══ DATA FOR PROCESSING ══

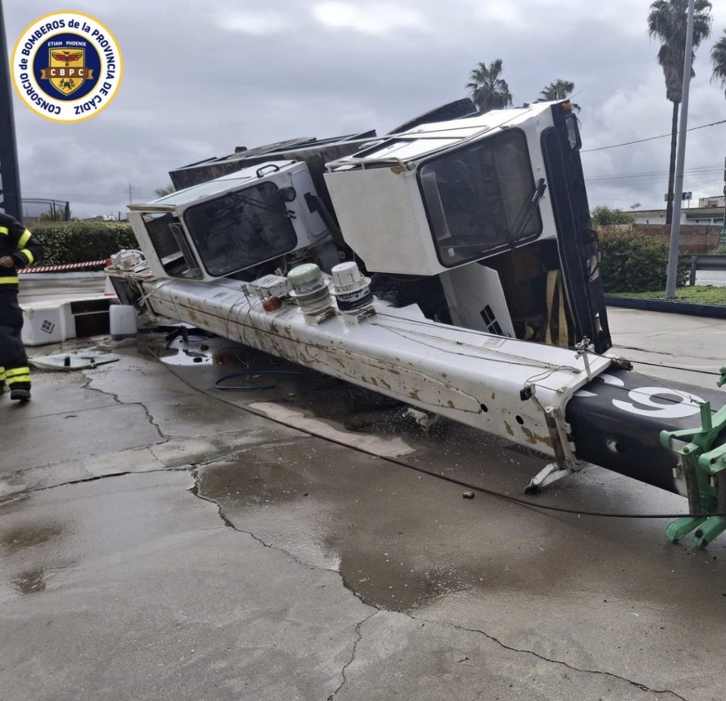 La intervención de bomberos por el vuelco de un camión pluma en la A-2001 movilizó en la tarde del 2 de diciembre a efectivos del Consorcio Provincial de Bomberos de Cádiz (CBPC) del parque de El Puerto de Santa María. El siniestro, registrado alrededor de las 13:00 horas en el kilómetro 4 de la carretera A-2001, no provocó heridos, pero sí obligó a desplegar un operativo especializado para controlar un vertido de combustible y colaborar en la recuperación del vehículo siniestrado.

═══
══ DATA FOR PROCESSING ══

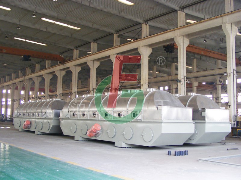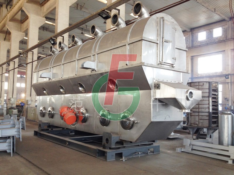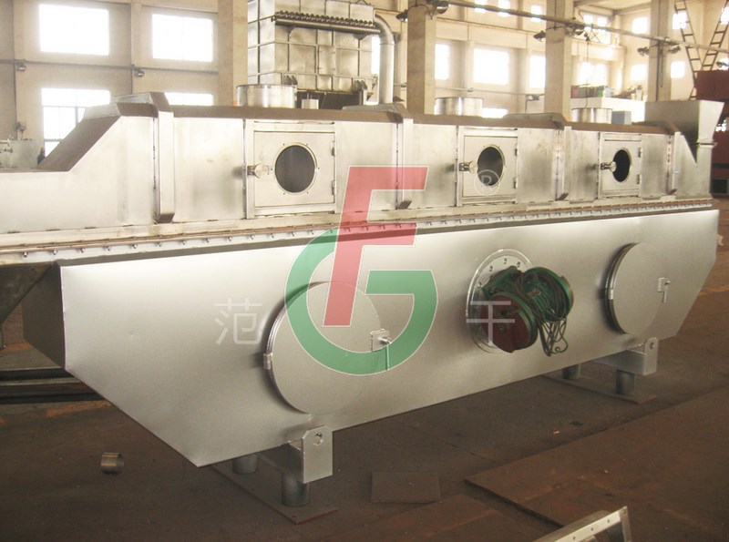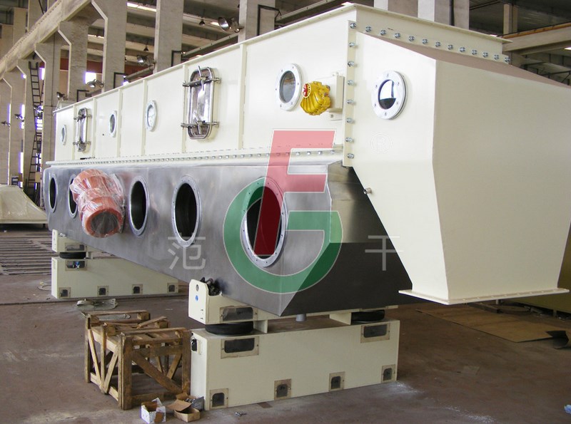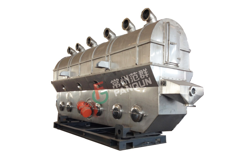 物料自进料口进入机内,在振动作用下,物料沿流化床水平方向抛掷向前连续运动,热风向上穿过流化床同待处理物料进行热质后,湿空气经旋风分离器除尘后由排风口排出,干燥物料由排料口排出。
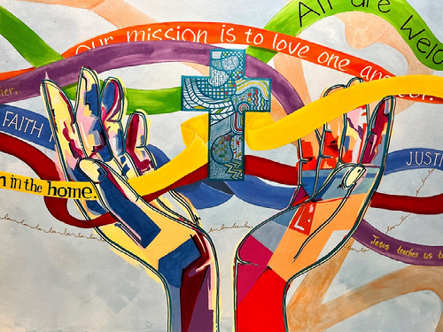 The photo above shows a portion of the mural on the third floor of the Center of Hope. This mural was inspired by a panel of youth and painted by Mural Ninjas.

═══
══ DATA FOR PROCESSING ══

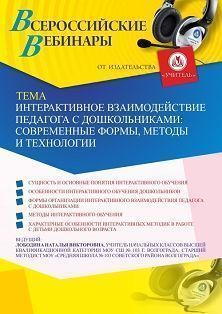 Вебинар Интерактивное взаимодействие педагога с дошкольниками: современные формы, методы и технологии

═══

WHAT IS EXPECTED -> Go to the line above holding "物料自进料口进入机内,在振动", then copy exactly each line down to and including the one holding "The photo above", leaving pictures out.

EXPECTED ANSWER ->
 物料自进料口进入机内,在振动作用下,物料沿流化床水平方向抛掷向前连续运动,热风向上穿过流化床同待处理物料进行热质后,湿空气经旋风分离器除尘后由排风口排出,干燥物料由排料口排出。
 The photo above shows a portion of the mural on the third floor of the Center of Hope. This mural was inspired by a panel of youth and painted by Mural Ninjas.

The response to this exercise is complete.